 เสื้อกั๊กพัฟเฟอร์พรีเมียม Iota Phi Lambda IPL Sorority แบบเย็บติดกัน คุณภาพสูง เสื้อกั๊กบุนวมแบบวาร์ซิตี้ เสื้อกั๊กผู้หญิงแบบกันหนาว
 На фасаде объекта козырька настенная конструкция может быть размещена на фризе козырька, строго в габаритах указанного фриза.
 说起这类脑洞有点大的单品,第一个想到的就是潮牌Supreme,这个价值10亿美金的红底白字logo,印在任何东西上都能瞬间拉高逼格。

----------------

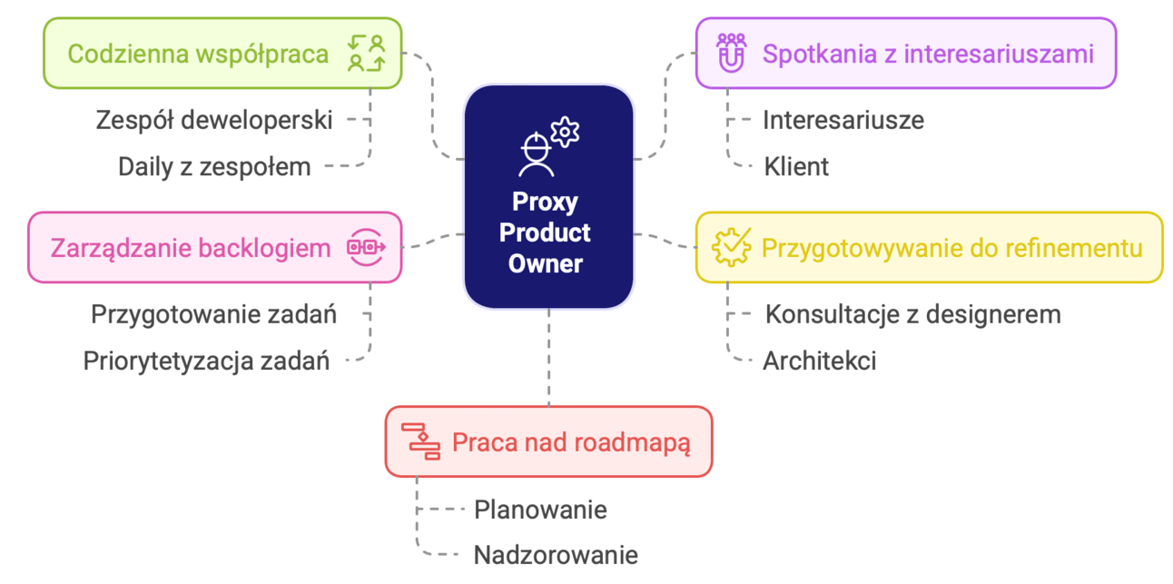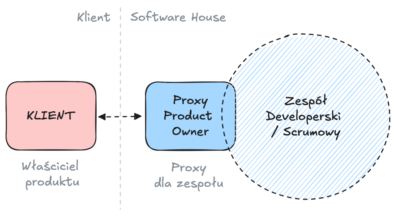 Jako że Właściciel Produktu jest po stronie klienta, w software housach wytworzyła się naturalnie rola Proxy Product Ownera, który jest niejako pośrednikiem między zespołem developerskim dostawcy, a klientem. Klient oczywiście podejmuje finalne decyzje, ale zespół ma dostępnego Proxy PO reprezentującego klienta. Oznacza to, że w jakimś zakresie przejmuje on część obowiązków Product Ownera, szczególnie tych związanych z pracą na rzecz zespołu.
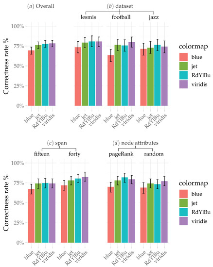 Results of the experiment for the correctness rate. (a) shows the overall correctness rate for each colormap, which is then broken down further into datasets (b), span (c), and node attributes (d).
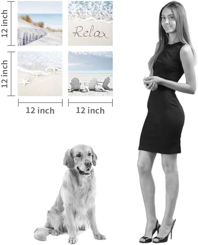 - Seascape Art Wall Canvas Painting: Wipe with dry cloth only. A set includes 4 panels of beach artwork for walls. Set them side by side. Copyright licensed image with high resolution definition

----------------

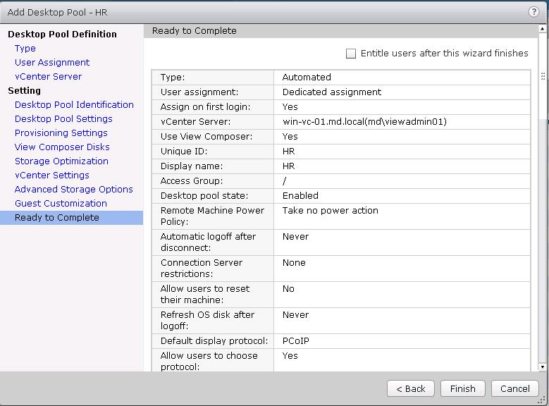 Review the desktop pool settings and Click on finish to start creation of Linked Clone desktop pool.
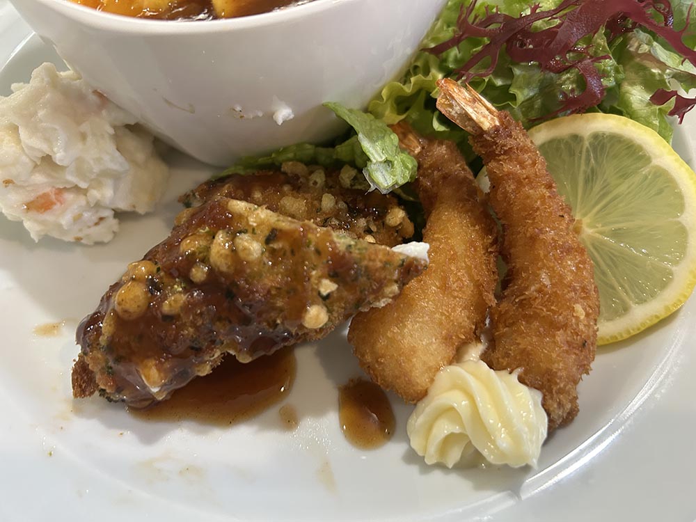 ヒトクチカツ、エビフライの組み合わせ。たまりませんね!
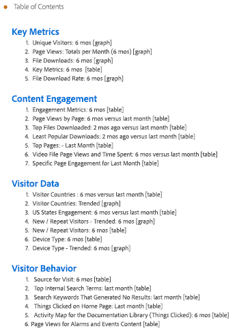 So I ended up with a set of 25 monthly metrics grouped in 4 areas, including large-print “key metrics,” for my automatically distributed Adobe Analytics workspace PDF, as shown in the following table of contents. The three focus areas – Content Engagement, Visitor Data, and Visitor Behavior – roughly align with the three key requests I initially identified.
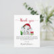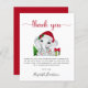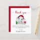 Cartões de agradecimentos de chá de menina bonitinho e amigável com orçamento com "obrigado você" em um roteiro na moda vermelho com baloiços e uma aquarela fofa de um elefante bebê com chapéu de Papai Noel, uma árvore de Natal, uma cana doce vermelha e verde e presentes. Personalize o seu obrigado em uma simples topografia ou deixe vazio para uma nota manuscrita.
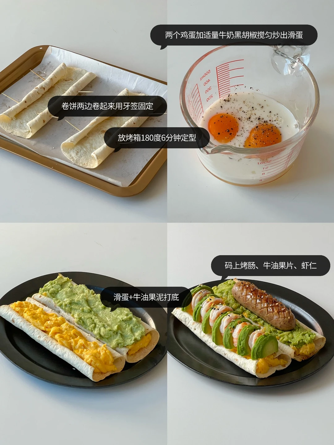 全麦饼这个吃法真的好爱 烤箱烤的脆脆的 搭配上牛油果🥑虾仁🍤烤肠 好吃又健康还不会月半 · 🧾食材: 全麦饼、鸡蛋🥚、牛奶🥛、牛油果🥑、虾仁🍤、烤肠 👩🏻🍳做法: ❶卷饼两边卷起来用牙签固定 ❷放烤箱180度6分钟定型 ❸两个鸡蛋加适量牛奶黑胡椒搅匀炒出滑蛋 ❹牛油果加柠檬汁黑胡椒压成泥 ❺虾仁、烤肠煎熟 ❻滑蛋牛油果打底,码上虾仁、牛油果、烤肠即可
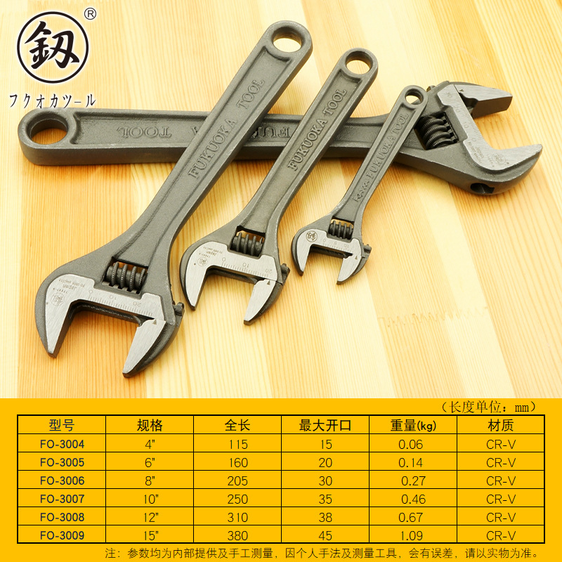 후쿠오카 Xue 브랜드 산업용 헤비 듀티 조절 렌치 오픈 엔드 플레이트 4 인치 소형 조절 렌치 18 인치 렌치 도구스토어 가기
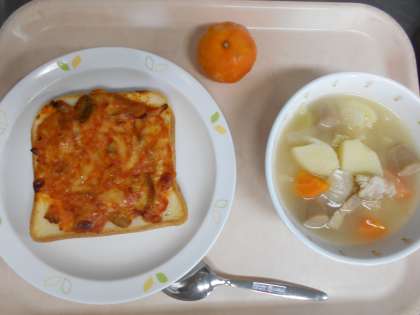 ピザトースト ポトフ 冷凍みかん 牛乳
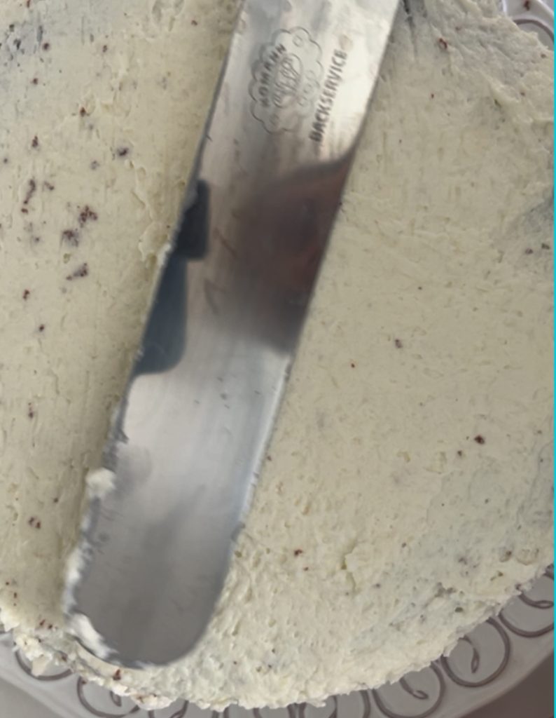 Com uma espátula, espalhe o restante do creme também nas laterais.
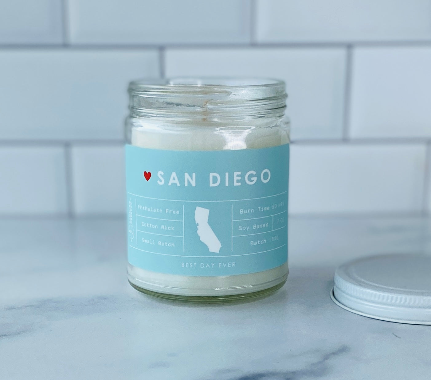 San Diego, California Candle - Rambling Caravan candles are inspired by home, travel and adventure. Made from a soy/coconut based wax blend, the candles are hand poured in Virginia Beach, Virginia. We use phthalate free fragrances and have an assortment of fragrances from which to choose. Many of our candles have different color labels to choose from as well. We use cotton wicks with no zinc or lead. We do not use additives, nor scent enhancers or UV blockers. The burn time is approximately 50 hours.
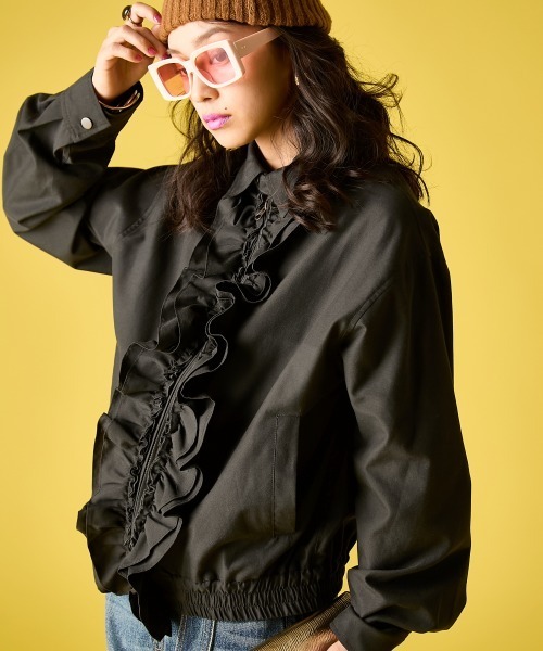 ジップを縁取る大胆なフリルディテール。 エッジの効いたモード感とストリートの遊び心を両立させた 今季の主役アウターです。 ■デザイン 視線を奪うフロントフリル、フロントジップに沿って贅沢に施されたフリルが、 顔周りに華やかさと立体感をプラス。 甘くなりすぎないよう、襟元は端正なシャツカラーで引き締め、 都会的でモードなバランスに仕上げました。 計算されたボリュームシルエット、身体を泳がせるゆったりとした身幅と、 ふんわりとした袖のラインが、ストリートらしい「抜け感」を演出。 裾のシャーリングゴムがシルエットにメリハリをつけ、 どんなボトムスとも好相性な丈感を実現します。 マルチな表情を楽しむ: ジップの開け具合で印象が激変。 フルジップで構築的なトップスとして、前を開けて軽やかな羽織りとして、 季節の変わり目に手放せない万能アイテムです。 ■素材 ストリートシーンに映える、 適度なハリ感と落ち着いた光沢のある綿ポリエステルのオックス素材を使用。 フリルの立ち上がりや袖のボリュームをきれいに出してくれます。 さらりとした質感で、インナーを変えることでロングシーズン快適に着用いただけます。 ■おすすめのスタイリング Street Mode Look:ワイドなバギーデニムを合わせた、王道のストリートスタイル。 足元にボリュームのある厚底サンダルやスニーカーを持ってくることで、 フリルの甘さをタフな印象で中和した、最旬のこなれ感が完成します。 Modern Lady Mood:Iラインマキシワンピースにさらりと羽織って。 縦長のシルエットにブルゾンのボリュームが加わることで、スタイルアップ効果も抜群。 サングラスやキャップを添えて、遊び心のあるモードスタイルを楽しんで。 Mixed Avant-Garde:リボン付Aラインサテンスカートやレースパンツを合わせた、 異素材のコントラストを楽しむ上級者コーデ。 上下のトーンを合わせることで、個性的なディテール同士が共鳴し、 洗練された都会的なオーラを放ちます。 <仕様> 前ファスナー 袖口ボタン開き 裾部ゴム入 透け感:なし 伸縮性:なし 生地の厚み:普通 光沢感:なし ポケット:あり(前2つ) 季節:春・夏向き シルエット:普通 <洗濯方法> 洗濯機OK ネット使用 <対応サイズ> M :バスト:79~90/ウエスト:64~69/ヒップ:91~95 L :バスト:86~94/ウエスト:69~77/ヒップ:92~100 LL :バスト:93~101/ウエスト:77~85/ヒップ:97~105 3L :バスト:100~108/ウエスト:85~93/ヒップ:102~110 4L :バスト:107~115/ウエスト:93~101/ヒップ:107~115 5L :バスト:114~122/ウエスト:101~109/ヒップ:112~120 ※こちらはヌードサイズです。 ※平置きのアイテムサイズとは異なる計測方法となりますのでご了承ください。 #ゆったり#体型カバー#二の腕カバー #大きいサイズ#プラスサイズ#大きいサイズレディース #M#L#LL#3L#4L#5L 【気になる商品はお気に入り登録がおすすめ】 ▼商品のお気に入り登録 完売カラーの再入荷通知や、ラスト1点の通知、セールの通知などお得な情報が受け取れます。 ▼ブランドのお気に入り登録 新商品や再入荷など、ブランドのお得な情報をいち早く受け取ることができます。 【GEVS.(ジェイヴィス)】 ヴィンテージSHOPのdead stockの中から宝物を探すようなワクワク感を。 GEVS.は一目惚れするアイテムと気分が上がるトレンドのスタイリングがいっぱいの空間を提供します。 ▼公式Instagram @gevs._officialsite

----------------

**Problem statement:** Copy the listing above exactly, but only from the line with "Review the desktop" through the line with "So I ended up", including those two lines and excluding any picture.

**Expected answer:**
 Review the desktop pool settings and Click on finish to start creation of Linked Clone desktop pool.
 ヒトクチカツ、エビフライの組み合わせ。たまりませんね!
 So I ended up with a set of 25 monthly metrics grouped in 4 areas, including large-print “key metrics,” for my automatically distributed Adobe Analytics workspace PDF, as shown in the following table of contents. The three focus areas – Content Engagement, Visitor Data, and Visitor Behavior – roughly align with the three key requests I initially identified.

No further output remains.